RISC World

The case for Hardware

Lets start at the beginning. RISC OS was designed to run on low power consumption ARM hardware. Indeed when ARM was founded it stood for Acorn Risc Machine, the name only being changed later when it was decided that the Acorn link no longer suited the new company's plans. RISC OS runs exceptionally well on lower power machines, which is why there are still so many older Acorn machines in use. They are reliable, they are powerful (for their clock speed) they have an OS in ROM and they are virus resistant.

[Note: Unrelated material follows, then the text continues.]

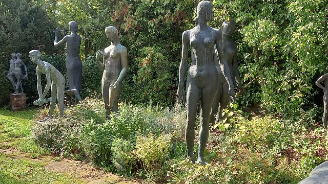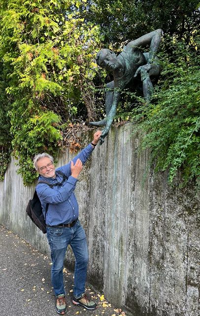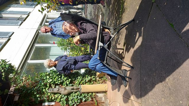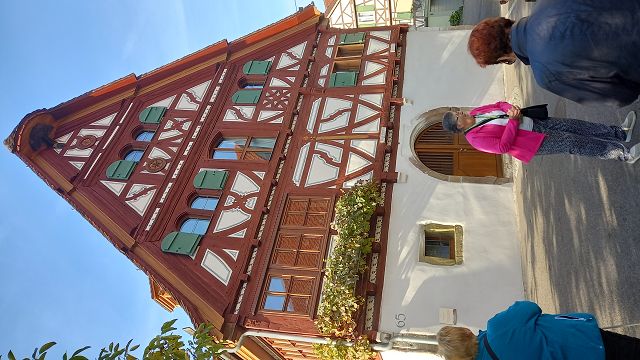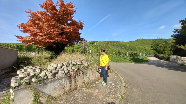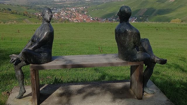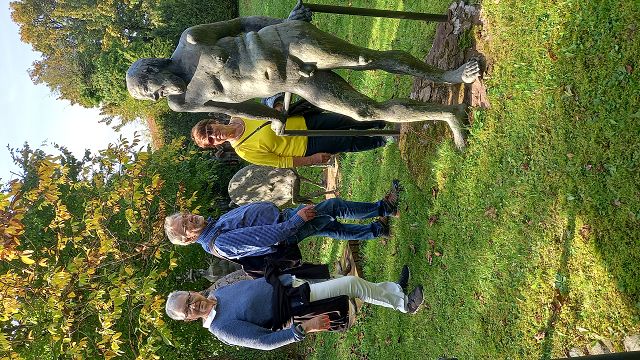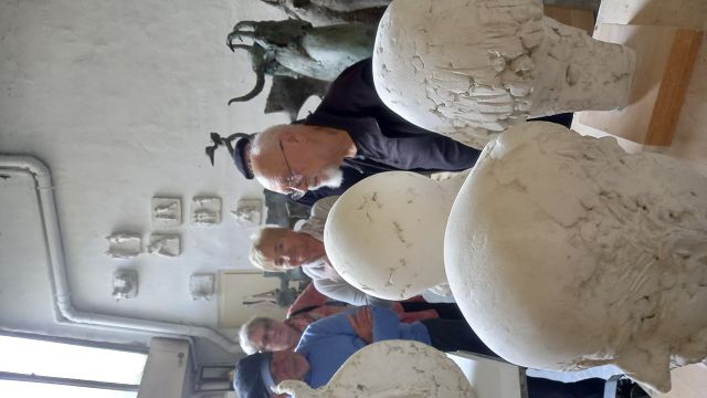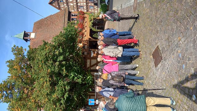 In bester Erinnerung wird die „Entdeckungsreise“ nach Strümpfelbach bei den Teilnehmern des Jahrgangs 44/45 bleiben. Bei herrlichem Sonnenschein konnten Werner Lorch und Norbert Krum die große Reisegruppe im Remstal herzlich willkommen heißen. Gästeführerin Marliese Mannschreck zeigte in einem Rundgang die Besonderheiten des zwischen Weinbergen und Streuobstwiesen romantisch gelegenen Ortes Strümpfelbach auf. Hier sind besonders erwähnenswert die rund 80 prächtigen Fachwerkhäuser, die die engen Straßen und Gässchen säumen. Auf den Höhen des Schurwaldes liegt das Naturfreundehaus. Nach dem Essen war der Ausblick weit in Rems- und Neckartal etwas zum Genießen. Hier waren auch die ersten Arbeiten aus der Künstlerwerkstatt Nuss zu besichtigen. Die besonders beeindruckende Darstellung von zehn „Paaren“ machte manchen der Betrachter doch so neugierig, dass man die Kunstwerke mehrmals „umrundete“, um ja alles zu entdecken. Der Höhepunkt dieser Ausfahrt war sicherlich der persönliche Kontakt mit dem Künstler Prof. Karl Ulrich Nuss selbst in seinem „Gärtle“ und Atelier. In seiner sehr sympathischen Art berichtete er über sein künstlerisches Schaffen und Wirken. Ja, und dann kam man aus dem Staunen beim Betrachten einer enormen Vielzahl großer und kleiner Bronzefiguren nicht mehr heraus. Der Künstler selbst war mitten unter der Gruppe und gab Hinweise warum und weshalb sein Werk manchmal auch recht freizügig ausgestaltet ist. Angeblich soll es im Wein sieben Weingeister geben. Diese zu entdecken war die Aufgabe beim gemütlichen Abschluss im „Schmiegs Rems Besen“. Es war nicht ganz einfach, und so hieß es doch wiederholt: Darum, mein Freund, zum Mund das Glas! Lass uns den Wein, das edle Nass probieren und darin die Geister spüren. Die gute Stimmung an diesem Abend, lässt darauf schließen, auch diese Geister wurden auf dieser „Entdeckungsreise“ spürbar gefunden.

I am not sure that any of these qualities could be attributed to an emulator, surely it will only be as reliable as the underlying operating system? In the case of VirtualAcorn that would be Windows. Another point is how powerful can an emulator be? I have seen various claims of "StrongArm type performance", but I have an Iyonix with a 600Mhz XScale, and it is far faster then my Risc PC, even though the Risc PC still gets used for running some older software that isn't RISC OS 5 compatible. I don't own Aemulor, which runs older software under emulation on the Iyonix, but then 90% of the software I use runs on the Iyonix, and the other 10% can be used on the Risc PC. Since the machines are networked this isn't a great problem. I also have a PC running Windows 98, not that it gets turned on very much and even then often doesn't work. I find I can do all I want with RISC OS.

Why are emulators a bad idea?

I don't like the idea of emulators a great deal, they are OK in some cases, for example I don't mind playing some older games under an emulator on my Risc PC, but would I want to use an emulator every day? Why bother when I might as well use a real computer. The thought of having to use RISC OS on some great big Pentium powered office heater with the associated noise of cooling fans simply does not appeal. There is another reason why I think emulators are a bad idea, they expose RISC OS users to the horrors of Windows. Now I do know a bit about Windows and I have a PC, but I don't use it much because Windows is a mess and I don't want to support Microsoft in any way. I don't like power hungry hardware, and I don't like Bill Gates.

There is another problem with running RISC OS on emulation, how accurate is the emulation? Will it run all the software that I want, and how compatible is it? If something is wrong in the emulator then the program won't work. It's a fairly trivial matter to re-compile a bit of software for the Iyonix, but how can you re-compile it for the emulator if the emulator doesn't work properly. Castle have done a lot of work to create a 32bit RISC OS, and now they own the OS itself, they are in a position to get things fixed, and indeed there have been a number of updated to my Iyonix since I purchased it. Emulator authors simply don't have the same resources as far as I can see.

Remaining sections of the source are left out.